● Assignment
Look in the data below for the line that has "EWF DayDate 36", then print exactly every line from there through the line that has "Также можно приобрести", leaving pictures out.

● Recorded data
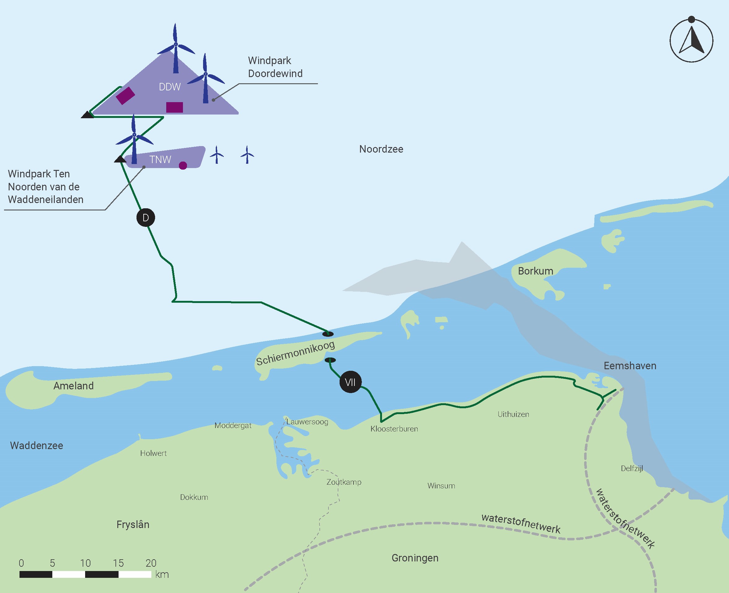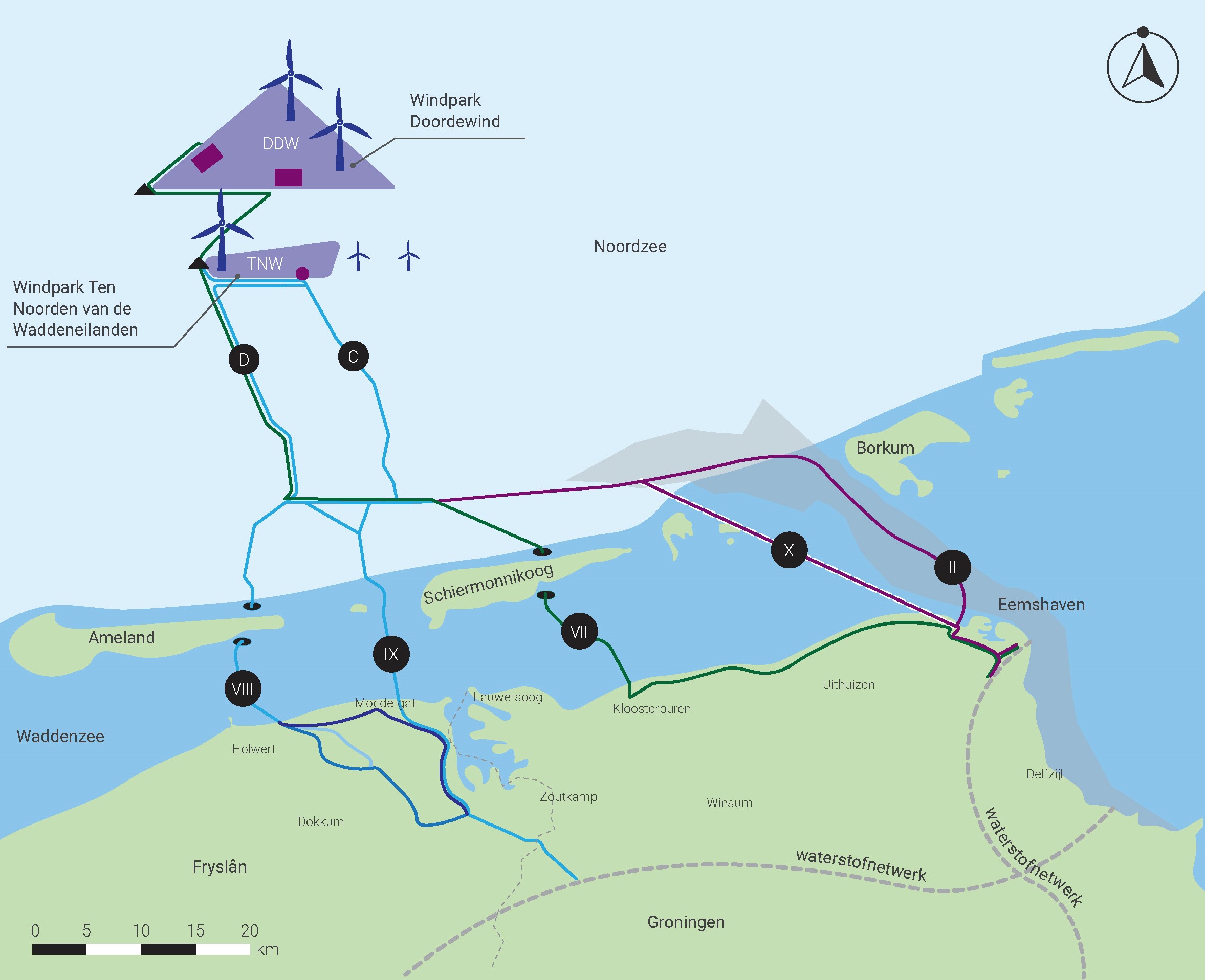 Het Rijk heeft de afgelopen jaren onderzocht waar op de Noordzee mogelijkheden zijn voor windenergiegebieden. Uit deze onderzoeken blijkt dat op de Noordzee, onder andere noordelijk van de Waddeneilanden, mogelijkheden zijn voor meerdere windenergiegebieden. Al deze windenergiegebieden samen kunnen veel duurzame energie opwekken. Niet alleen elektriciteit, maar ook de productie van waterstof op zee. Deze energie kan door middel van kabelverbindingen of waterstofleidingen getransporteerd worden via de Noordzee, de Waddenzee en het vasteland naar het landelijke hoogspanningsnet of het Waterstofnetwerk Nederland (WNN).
---
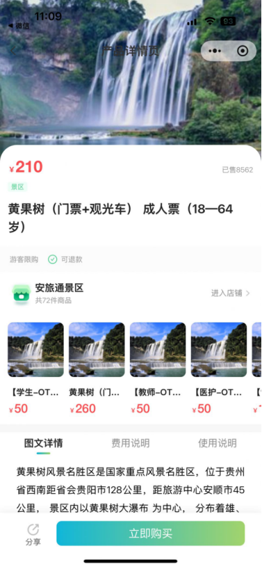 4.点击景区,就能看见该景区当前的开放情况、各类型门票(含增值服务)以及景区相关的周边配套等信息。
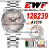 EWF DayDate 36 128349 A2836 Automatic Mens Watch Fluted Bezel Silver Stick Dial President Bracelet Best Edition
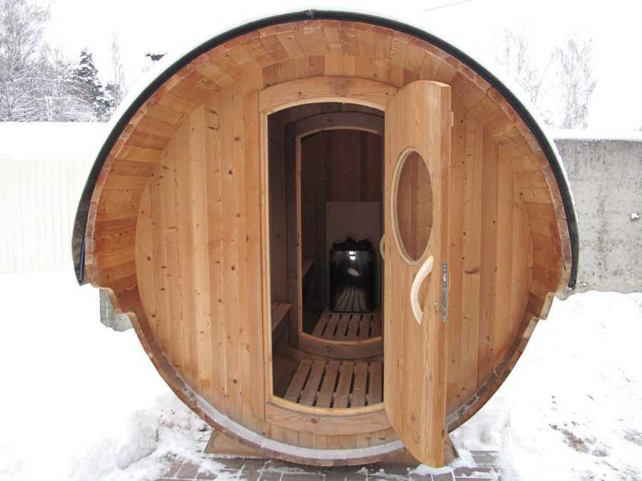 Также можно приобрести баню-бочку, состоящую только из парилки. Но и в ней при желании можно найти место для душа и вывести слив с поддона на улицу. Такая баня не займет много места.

● Answer to the exercise
 EWF DayDate 36 128349 A2836 Automatic Mens Watch Fluted Bezel Silver Stick Dial President Bracelet Best Edition
 Также можно приобрести баню-бочку, состоящую только из парилки. Но и в ней при желании можно найти место для душа и вывести слив с поддона на улицу. Такая баня не займет много места.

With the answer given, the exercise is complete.